*** Opening Records for this task ***

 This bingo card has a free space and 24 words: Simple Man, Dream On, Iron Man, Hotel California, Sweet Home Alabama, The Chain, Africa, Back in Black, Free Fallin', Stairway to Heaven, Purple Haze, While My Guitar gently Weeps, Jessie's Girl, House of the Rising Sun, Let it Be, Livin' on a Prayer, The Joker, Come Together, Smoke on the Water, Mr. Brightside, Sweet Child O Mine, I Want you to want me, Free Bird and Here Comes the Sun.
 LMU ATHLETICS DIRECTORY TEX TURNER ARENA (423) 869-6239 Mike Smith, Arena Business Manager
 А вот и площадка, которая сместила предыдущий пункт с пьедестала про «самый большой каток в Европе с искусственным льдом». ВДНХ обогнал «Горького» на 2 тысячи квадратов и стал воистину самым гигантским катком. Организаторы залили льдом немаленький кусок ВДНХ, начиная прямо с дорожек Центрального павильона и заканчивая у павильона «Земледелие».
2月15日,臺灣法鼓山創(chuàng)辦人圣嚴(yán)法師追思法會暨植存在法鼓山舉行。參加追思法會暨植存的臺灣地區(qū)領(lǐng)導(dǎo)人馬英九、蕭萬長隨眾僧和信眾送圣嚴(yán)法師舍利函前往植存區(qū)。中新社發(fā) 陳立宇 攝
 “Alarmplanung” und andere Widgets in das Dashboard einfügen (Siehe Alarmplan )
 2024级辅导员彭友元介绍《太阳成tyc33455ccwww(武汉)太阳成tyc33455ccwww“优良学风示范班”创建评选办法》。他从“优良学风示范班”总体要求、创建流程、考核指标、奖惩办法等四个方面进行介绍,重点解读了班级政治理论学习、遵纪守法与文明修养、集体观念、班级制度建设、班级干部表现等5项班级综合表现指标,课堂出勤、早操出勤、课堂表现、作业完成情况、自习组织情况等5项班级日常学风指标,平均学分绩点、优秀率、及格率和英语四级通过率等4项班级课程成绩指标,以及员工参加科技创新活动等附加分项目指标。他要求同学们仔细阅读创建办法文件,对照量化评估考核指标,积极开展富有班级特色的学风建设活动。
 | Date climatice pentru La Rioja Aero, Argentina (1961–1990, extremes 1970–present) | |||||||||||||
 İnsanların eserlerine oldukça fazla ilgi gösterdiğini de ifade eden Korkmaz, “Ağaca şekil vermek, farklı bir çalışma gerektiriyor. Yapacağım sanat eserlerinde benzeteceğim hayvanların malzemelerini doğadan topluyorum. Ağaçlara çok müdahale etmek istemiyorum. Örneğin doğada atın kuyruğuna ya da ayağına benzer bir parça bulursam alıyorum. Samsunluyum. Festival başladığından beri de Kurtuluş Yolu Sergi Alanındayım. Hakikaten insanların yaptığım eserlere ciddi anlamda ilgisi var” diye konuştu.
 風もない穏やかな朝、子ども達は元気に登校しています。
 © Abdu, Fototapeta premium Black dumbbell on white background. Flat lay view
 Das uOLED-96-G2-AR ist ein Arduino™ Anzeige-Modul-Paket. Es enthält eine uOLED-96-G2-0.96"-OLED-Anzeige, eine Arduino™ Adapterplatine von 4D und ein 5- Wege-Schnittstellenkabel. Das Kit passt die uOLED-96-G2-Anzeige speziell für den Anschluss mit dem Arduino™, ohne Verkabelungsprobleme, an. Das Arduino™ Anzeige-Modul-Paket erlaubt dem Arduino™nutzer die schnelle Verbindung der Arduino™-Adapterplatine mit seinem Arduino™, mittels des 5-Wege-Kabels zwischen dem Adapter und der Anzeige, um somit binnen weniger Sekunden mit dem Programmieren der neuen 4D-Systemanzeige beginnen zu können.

*** Closing Records for this task ***

Work to be completed:
Check each line of the records for the string "Black" and copy those that have it.

Answer to this exercise:
 This bingo card has a free space and 24 words: Simple Man, Dream On, Iron Man, Hotel California, Sweet Home Alabama, The Chain, Africa, Back in Black, Free Fallin', Stairway to Heaven, Purple Haze, While My Guitar gently Weeps, Jessie's Girl, House of the Rising Sun, Let it Be, Livin' on a Prayer, The Joker, Come Together, Smoke on the Water, Mr. Brightside, Sweet Child O Mine, I Want you to want me, Free Bird and Here Comes the Sun.
 © Abdu, Fototapeta premium Black dumbbell on white background. Flat lay view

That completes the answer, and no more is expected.